Software patches will be released soon.  There are a lot of unknown issues so further patches are sure to follow. Firmware updates may be released sometime in the following weeks or months. We hope to have more to report in the near future when Intel announces the best course of action.  Our Intel contacts have been working hard to address the situation and are updating us at regular intervals.

Intel has been aware of the exploits for months and has been working behind the scenes with operating system providers to resolve the issue. However they chose not to make an official announcement about the exploits to everyone else, including Nor-Tech, until Jan. 3 when the information had already become public.
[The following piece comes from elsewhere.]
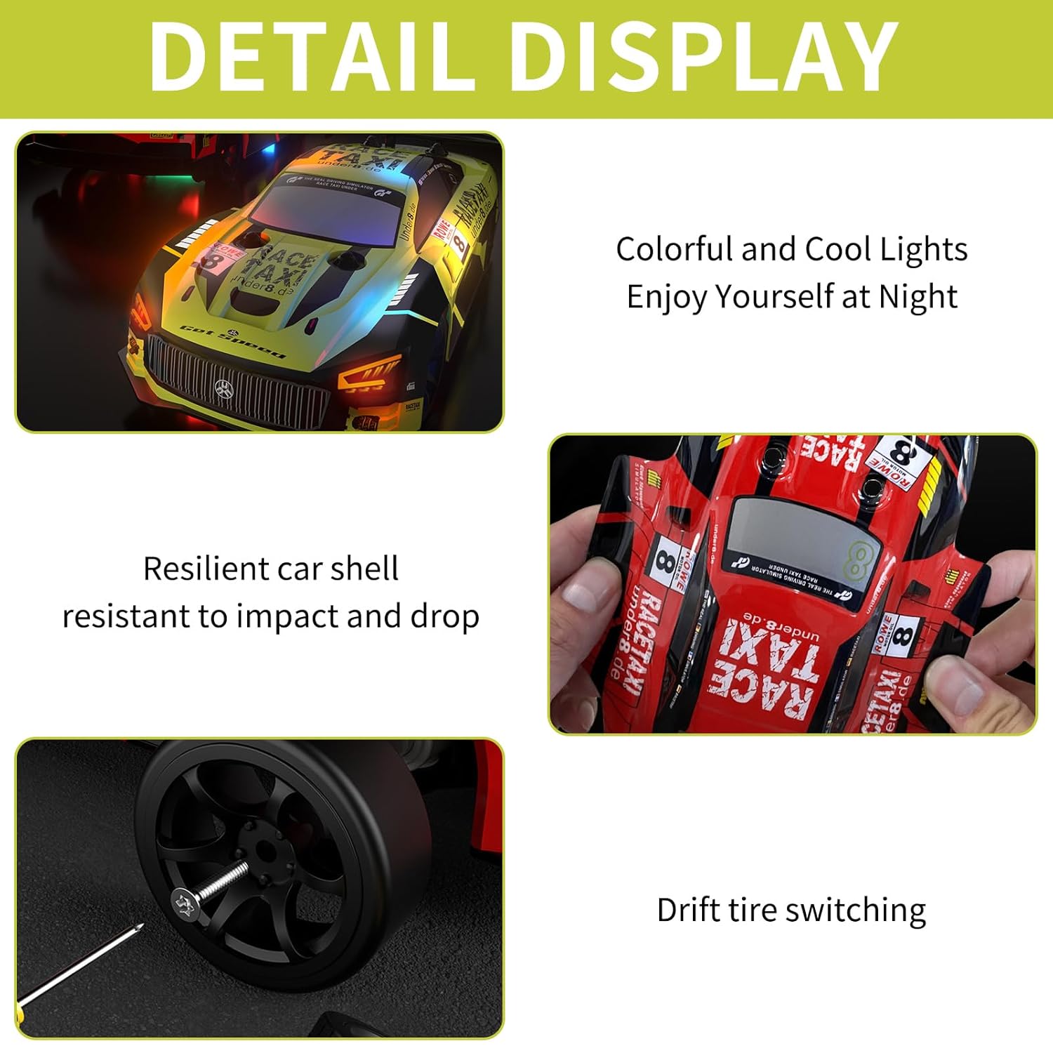 - Glowing Cool Drift Car : 1:20 scale fast remote control drift car with equipped with front, rear and tail lights, let the whole Car body shine making it cooler and more attractive when driving at night. The operation of the Rc drift car is also very simple. You can easily control the drift car forward, backward, turn left, turn right, etc. You can also perform various types of drift, such as U-shaped drift, S-shaped drift, 360-degree drift, each type Drifting will bring you different fun. This is a drift car suitable for all children and adults.
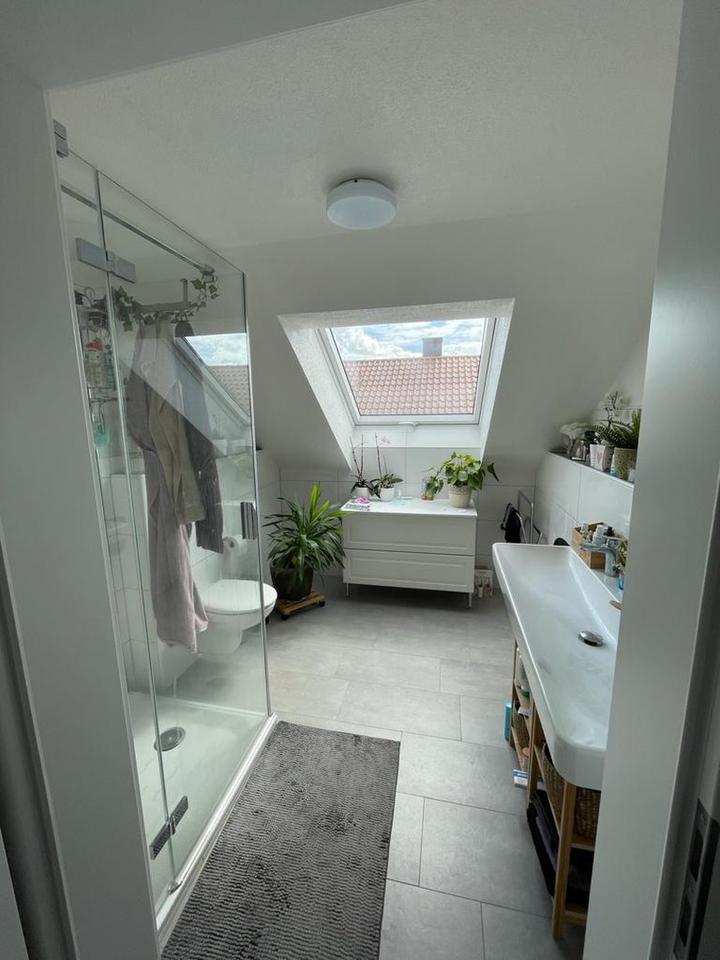 Sie befindet sich im Dachgeschoss eines 1964 erbauten Hauses, welches 2019 komplett entkernt und alle Gewerke, vom Dach bis zur Heizung, Fenster, Elektrik, Sanitär komplett saniert wurde.

Nor-Tech’s engineering team is always available to assure continuity of our clients’ operations and this situation is no different. We will update this as we learn more from our hardware and operating system vendors. Please do not hesitate to contact us for the latest news and to learn what can be done to implement updates and any other fixes that are available.

Following is a summary of information on the two exploits from: https://www.anandtech.com/show/12214/understanding-meltdown-and-spectre

Meltdown

The immediate concern is the Meltdown exploit, which primarily affects Intel’s CPUs, but also affects some ARM CPU designs. With Meltdown, it is possible for malicious code to abuse Intel and ARM’s speculative execution implementations to get the processor to leak information from other processes. As a result, Meltdown can be used to spy on other processes and leak information that should be restricted to the kernel, other programs, or other virtual machines.

Spectre

Meanwhile a second class of attacks, Spectre, puts an even greater number of processors at risk. Every high-performance processor ever made – Intel, AMD, ARM, and POWER – may be vulnerable. Like Meltdown, a Spectre attack abuses speculative execution in order to mine information that should be restricted. Spectre is much more insidious than Meltdown. Spectre poses a fundamental risk of speculative execution that can now be weaponized.